* The input

▶

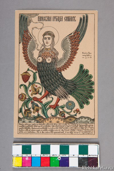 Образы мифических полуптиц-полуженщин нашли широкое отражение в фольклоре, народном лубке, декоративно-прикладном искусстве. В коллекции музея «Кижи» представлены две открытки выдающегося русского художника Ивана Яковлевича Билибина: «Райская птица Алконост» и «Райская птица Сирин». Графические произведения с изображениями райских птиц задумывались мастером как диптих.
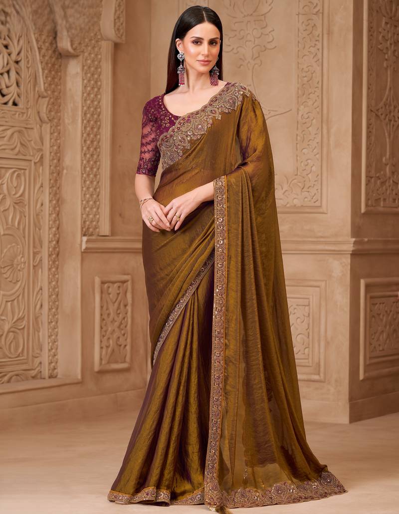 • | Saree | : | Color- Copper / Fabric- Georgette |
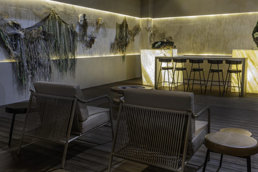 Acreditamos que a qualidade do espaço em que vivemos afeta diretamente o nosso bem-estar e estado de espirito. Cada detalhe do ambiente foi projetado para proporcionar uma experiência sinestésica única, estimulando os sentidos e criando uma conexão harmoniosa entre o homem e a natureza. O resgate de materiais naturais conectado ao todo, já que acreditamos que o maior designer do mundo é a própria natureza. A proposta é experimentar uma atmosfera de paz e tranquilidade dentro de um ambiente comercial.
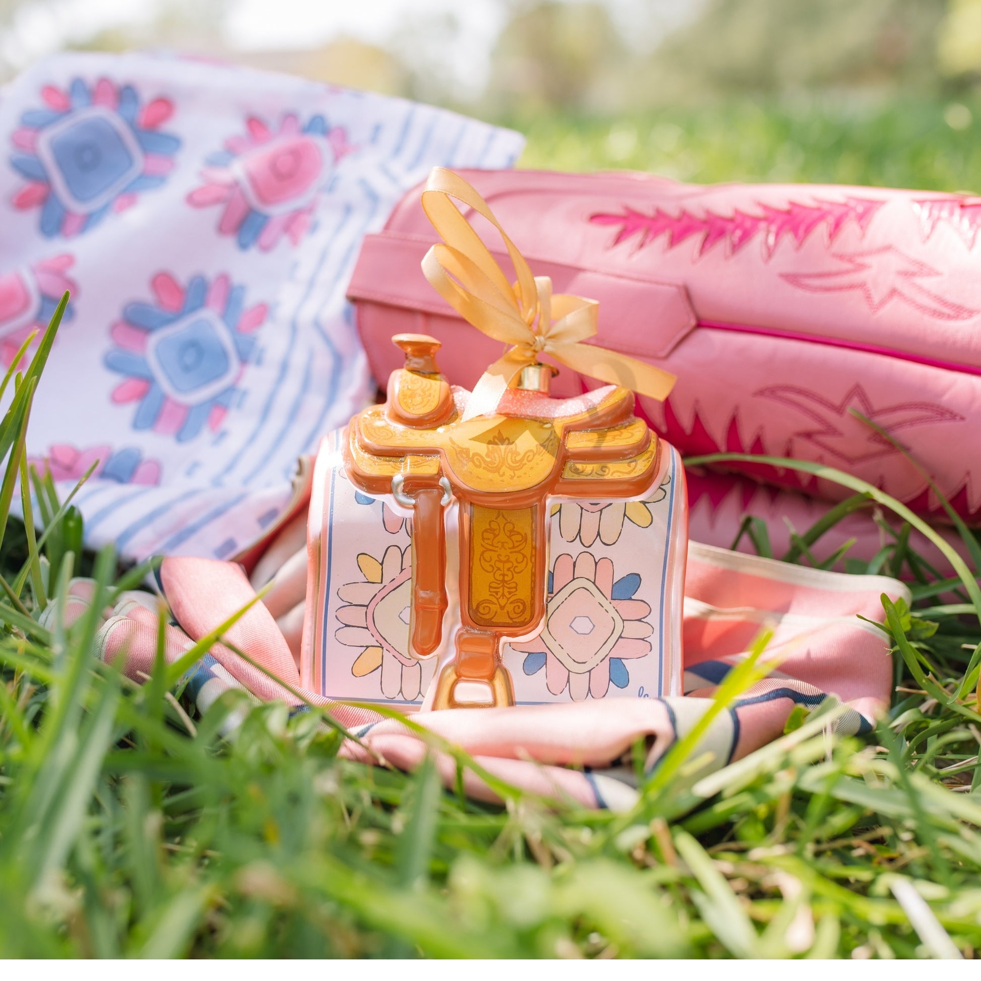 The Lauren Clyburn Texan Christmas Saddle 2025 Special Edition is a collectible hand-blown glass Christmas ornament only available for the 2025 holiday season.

◀
▶

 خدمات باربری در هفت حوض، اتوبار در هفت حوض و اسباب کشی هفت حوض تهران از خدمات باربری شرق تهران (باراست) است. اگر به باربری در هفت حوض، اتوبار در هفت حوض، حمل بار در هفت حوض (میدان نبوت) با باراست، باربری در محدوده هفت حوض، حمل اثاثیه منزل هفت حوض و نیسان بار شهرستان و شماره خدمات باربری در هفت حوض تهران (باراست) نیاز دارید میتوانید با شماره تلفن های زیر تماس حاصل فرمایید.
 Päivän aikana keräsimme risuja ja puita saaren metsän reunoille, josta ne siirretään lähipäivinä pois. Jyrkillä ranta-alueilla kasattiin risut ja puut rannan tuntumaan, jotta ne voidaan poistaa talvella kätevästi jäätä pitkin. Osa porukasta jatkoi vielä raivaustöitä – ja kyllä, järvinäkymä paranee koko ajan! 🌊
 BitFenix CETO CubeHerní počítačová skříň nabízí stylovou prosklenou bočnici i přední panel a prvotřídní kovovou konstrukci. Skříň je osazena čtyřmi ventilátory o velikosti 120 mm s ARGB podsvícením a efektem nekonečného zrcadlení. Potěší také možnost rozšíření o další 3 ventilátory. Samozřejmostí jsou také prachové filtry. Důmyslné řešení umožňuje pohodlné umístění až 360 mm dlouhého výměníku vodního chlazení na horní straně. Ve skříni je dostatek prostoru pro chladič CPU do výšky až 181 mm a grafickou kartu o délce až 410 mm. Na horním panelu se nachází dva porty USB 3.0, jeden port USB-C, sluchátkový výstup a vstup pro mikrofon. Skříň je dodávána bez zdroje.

◀
▶

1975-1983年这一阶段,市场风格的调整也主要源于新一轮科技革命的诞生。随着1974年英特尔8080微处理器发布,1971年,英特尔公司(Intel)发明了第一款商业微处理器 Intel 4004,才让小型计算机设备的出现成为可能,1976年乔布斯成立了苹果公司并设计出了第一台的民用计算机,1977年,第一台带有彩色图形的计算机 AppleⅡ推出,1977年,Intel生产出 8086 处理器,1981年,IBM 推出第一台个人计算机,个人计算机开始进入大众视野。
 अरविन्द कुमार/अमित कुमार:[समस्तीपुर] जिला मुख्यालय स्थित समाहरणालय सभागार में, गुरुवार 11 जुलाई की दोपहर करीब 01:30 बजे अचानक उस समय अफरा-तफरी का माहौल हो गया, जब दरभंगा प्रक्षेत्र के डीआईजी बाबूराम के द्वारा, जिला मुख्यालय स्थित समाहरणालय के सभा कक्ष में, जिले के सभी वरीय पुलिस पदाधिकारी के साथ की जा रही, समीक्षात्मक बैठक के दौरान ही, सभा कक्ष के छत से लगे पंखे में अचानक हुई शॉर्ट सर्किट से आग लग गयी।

◀

* Exercise prompt
Beginning with the line above that contains "Образы мифических полуптиц-полуженщин" and ending with the line that contains "Fabric- Georgette |", quote each line exactly, keeping out the pictures.

* Response to this exercise
 Образы мифических полуптиц-полуженщин нашли широкое отражение в фольклоре, народном лубке, декоративно-прикладном искусстве. В коллекции музея «Кижи» представлены две открытки выдающегося русского художника Ивана Яковлевича Билибина: «Райская птица Алконост» и «Райская птица Сирин». Графические произведения с изображениями райских птиц задумывались мастером как диптих.
 • | Saree | : | Color- Copper / Fabric- Georgette |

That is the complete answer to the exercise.